Sônia Guajajara- Bom
eu penso em um, embora a realidade brasileira aponte outro. O futuro ideal
seria todos os povos vivendo com seus territórios demarcados, protegidos e
livres de ameaças.Para isso não podemos cochilar, é preciso que nos ponhamos de
pé sempre prontos para o embate e com a mente direcionada. ”Se não nos permitem sonhar então não os
deixaremos dormir” e seguimos defendendo um Brasil plural, que seja dos
brasileiros, incluindo os indígenas e respeitando e valorizando seu papel no
país.
BDR -Qual recado
gostaria de mandar para outras mulheres indígenas que atuam no movimento como
você?
Sônia Guajajara- Que
o nosso espírito de guerreiras jamais esmoreça. A luta para as futuras gerações
já começou!
BDR -Que mensagem
gostaria de deixar para índios e não índios?
Sônia Guajajara- Que
o mundo é redondo e tudo que suceder à Terra, sucederá também aos filhos da
Terra e principalmente para aqueles que não respeitam a terra.
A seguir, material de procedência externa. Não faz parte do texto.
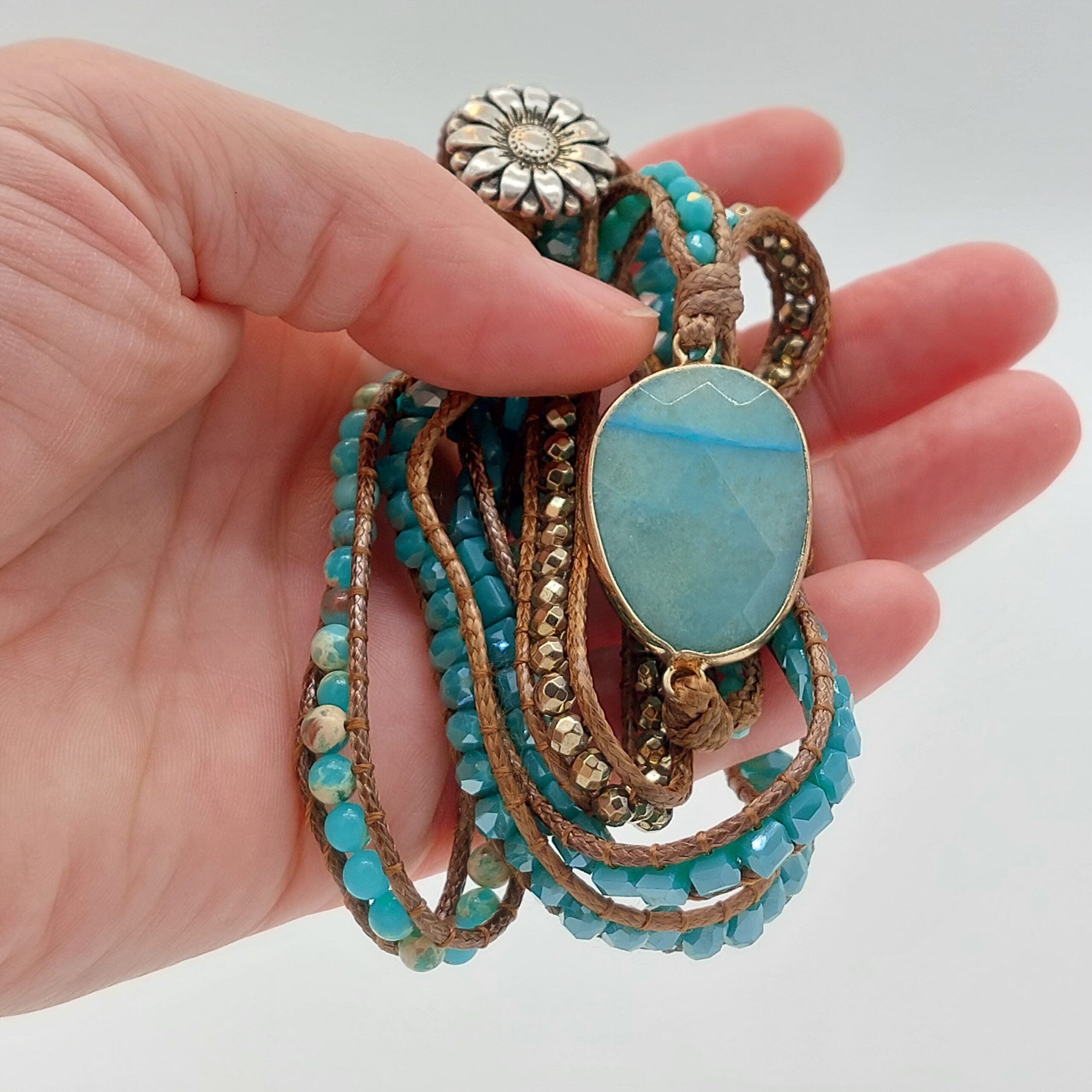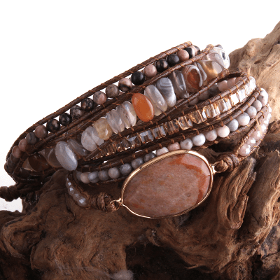Excluzív, egyedülálló design. Bohém stílusú, több soros ásvány karkötő.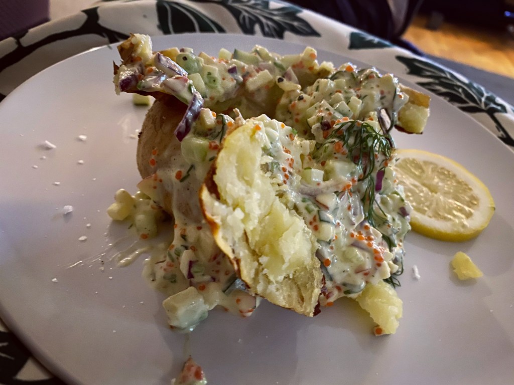 Smarrigt tänkte jag när jag igår såg inslaget från köket.se och igår gjordes det bakad potatis.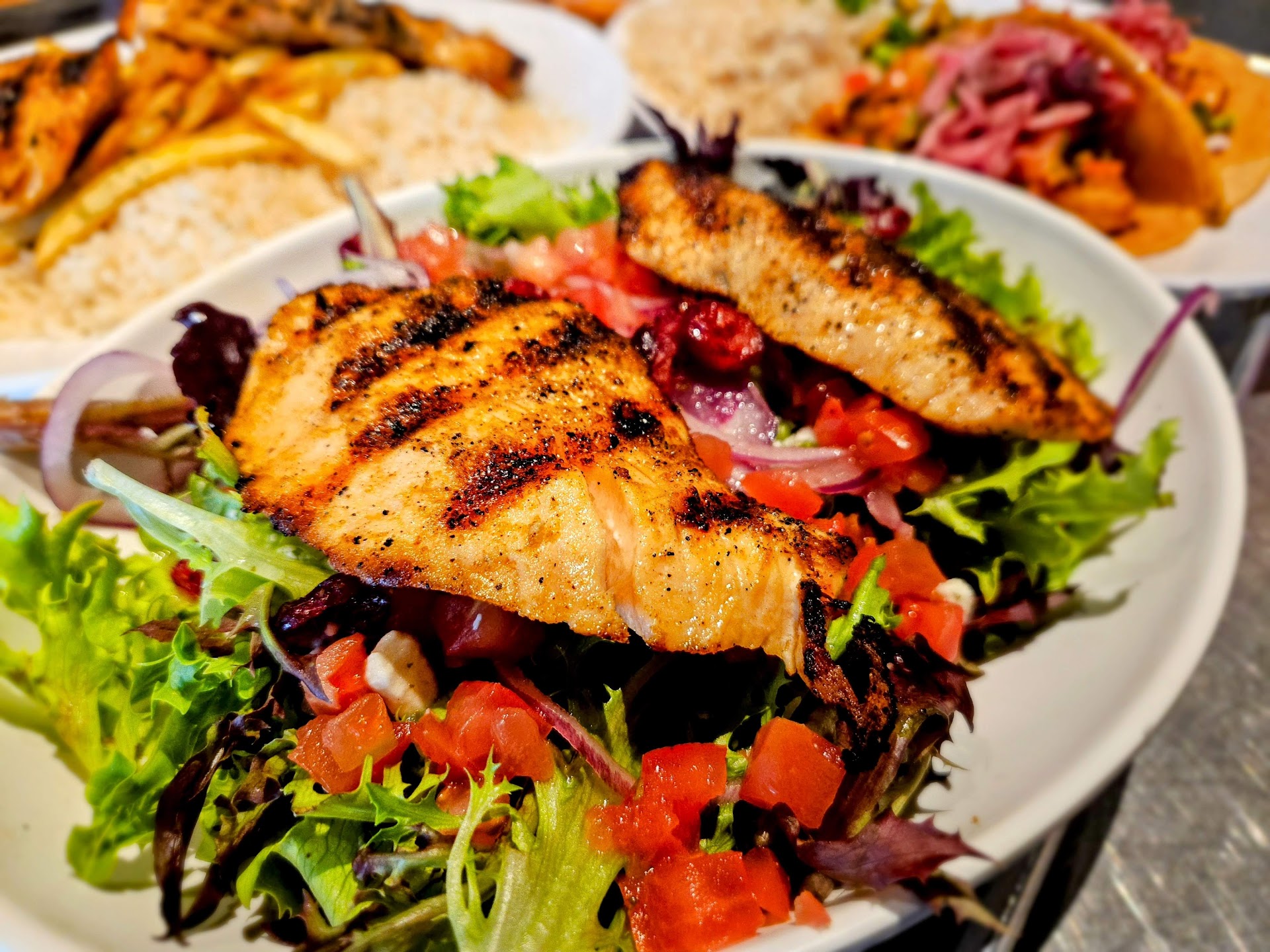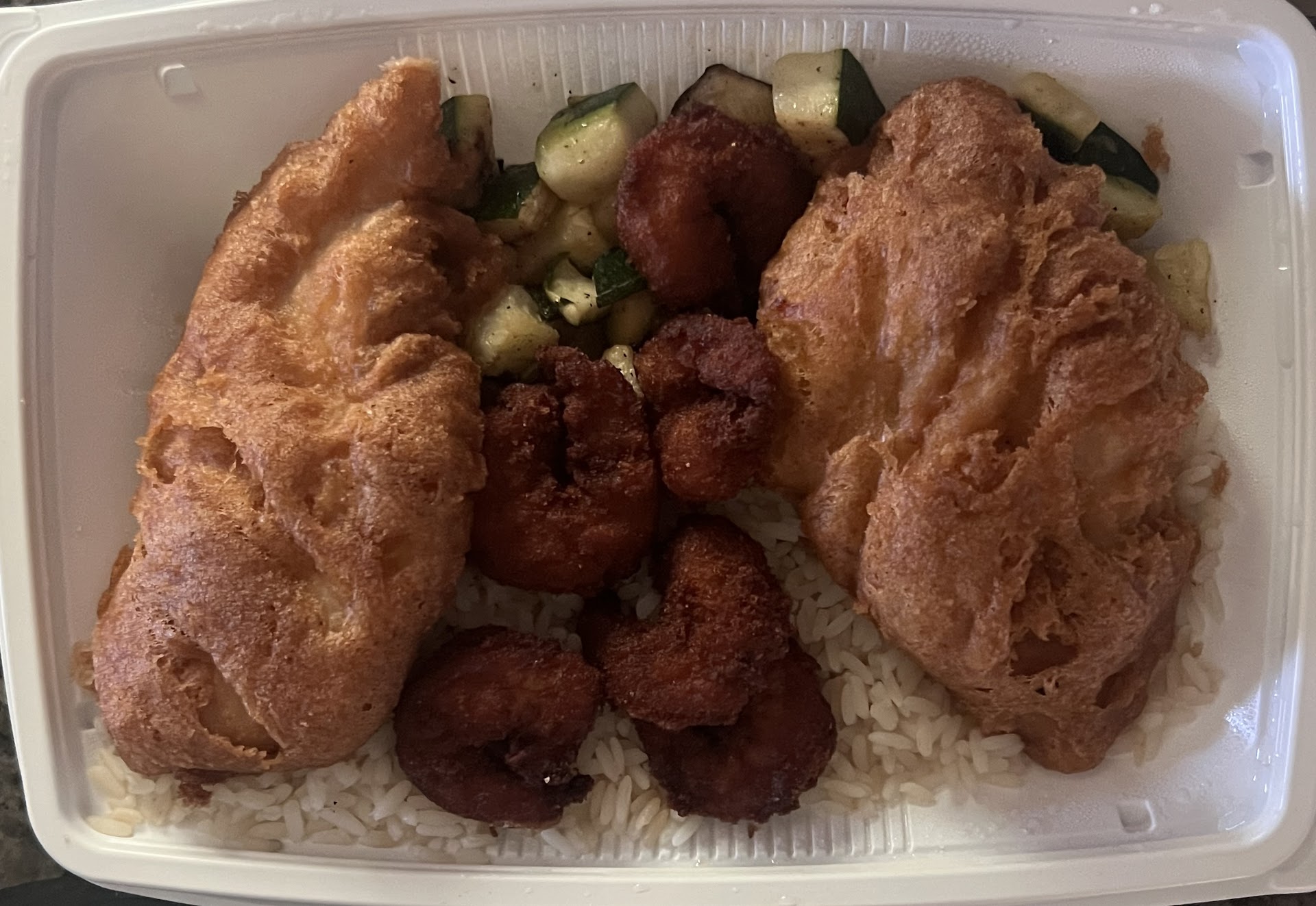 Undercooked Rice- Did Not Finish , Under Battered fish - Completed with an Assist From Packaged Tabasco Sauce Soggy fries - Completed but Very poor choice of placement and they were used as a heat source to keep the Fish Warm Under Flavored "Street Style " Corn - Honestly A Mockery of Eloté DO NOT ORDER Overcooked Kalimari -Did Not Finish The Texture was Far to tough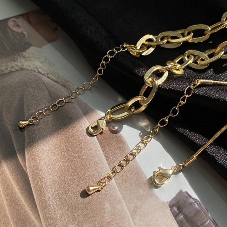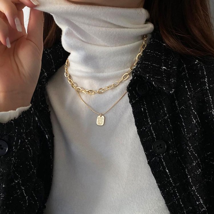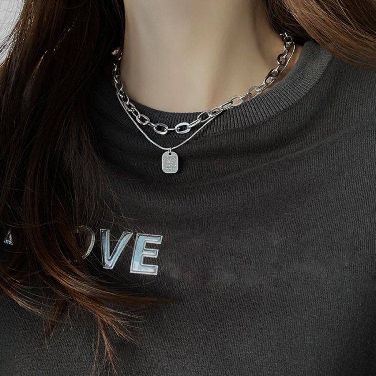 2種類のチェーンがメンズライクのカッコ良さとレディライクのフェミニンさを同時に演出、服の上でもしっかり存在感を発揮する二連ネックレス

A Terra é nossa
mãe, não pode vender a nossa mãe.
BDR -Você é a
primeira líder indígena a falar a Brasileiros de Raiz. O que gostaria de dizer
aos leitores?
Sônia Guajajara- A
causa indígena é de todos nós. Apóie você também esta causa!
Fonte: Revista Brasileiros de Raíz, Ano II, nº 09, Agosto/Setembro de 2012.